I Have Hands
Score: 82
The Bran Flakes is not really normal; the band name, as well as the album cover and the name of this album are clear indicators of that. But The Bran Flakes has made an incredibly interesting niche for themselves in the realm of mashup music, and have managed to produce an album that so completely overwhelms its oddity by incredible cheeriness that it has worked to incredible success.
The thirty tracks of I Have Hands make up a piece of work which goes beyond its confines of “collage-rock” to become a sort of musical quilt studded with artistic profundities. The Bran Flakes uses its samples, taken from a diverse range of sources, expertly, placing them perfectly within the tracks, often using them as many as five or ten times, slightly shifted in a manner which makes them hilariously catchy - see the excellent “don knotts” for a twenty-seven second piece solely composed of the title, repeated over a colorful, polka-ish backing. The various pieces of vocal patchwork make up introductions, conclusions, and, in the case of “do you want salad with your taco?” the bulk of the song. It could certainly be argued that The Bran Flakes’ upbeat, occasionally discordant mix is gimmicky or contrived, but that would be missing the genius of it all. I Have Hands is more than a simplistic mixing pot of musical bits and pieces. The energetic tracks blend together in an eminently enjoyable manner, becoming a fifty-minute, extraordinarily colorful assault on the senses. In I Have Hands, The Bran Flakes has concocted an excellent mixture of samples, ample distortion, exotic percussion, and a healthy dose of their bombastic creativity.

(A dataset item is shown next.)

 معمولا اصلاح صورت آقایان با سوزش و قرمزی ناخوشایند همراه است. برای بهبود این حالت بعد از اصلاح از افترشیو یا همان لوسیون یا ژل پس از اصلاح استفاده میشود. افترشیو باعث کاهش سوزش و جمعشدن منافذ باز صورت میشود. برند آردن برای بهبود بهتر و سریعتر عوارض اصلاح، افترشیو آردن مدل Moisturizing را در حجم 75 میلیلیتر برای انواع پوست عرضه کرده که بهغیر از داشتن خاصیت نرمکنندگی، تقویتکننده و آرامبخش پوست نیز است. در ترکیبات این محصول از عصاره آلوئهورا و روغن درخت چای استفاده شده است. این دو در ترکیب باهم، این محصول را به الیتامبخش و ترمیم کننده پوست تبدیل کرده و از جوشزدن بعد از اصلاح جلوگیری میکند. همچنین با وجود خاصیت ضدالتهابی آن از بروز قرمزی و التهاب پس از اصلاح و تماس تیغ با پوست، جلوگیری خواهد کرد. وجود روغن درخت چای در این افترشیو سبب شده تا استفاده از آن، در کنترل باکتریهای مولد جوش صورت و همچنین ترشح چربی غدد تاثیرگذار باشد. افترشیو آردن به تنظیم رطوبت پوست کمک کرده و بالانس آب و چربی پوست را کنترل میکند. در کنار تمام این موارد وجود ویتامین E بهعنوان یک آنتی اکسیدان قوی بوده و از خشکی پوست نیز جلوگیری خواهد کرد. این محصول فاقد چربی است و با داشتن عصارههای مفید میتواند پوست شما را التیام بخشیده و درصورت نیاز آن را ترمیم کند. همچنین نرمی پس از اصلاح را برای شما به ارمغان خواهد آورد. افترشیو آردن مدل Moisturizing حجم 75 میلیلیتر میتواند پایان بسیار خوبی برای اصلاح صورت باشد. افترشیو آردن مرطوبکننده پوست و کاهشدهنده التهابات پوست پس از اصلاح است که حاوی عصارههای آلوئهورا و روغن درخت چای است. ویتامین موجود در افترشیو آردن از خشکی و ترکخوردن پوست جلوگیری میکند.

While I Have Hands is often very successful, it is not without fault. The minute The Bran Flakes’ tracks become less overwhelmed with pure exaltatious emotion they lose the character that makes the album such a success. Tracks like “stumble out of bed” and “the girl that I used to be”, while still excellent musically fail to evoke the emotion that carries tracks like “marchy march” to enormous success, and are further dragged down by sounding overly complicated and to some extent confusing. Still more tracks have the reverse problem. They are far too complex, and force the listener to pay too much attention to what exactly is happening, and not the happiness conveyed by the track. Tracks like the 40 second “make a funny sound” are much more successful, despite them being simple almost to the point of sounding pointless, and lazily created, as they somehow manage to create an aura of sheer positive emotion, that lifts the track to excellence.
With I Have Hands, The Bran Flakes has put together an absolutely staggering, non-stop, universally energetic LP. Though I Have Hands is certainly a collage, to call it “just a collage” would be to miss the point completely. I Have Hands goes beyond its delightfully recycled composition - it wouldn’t be going too far as to call it a piece of modern art. As with all modern art, it’s perhaps too much to ask for everyone to love I Have Hands - but it’s certainly not hard.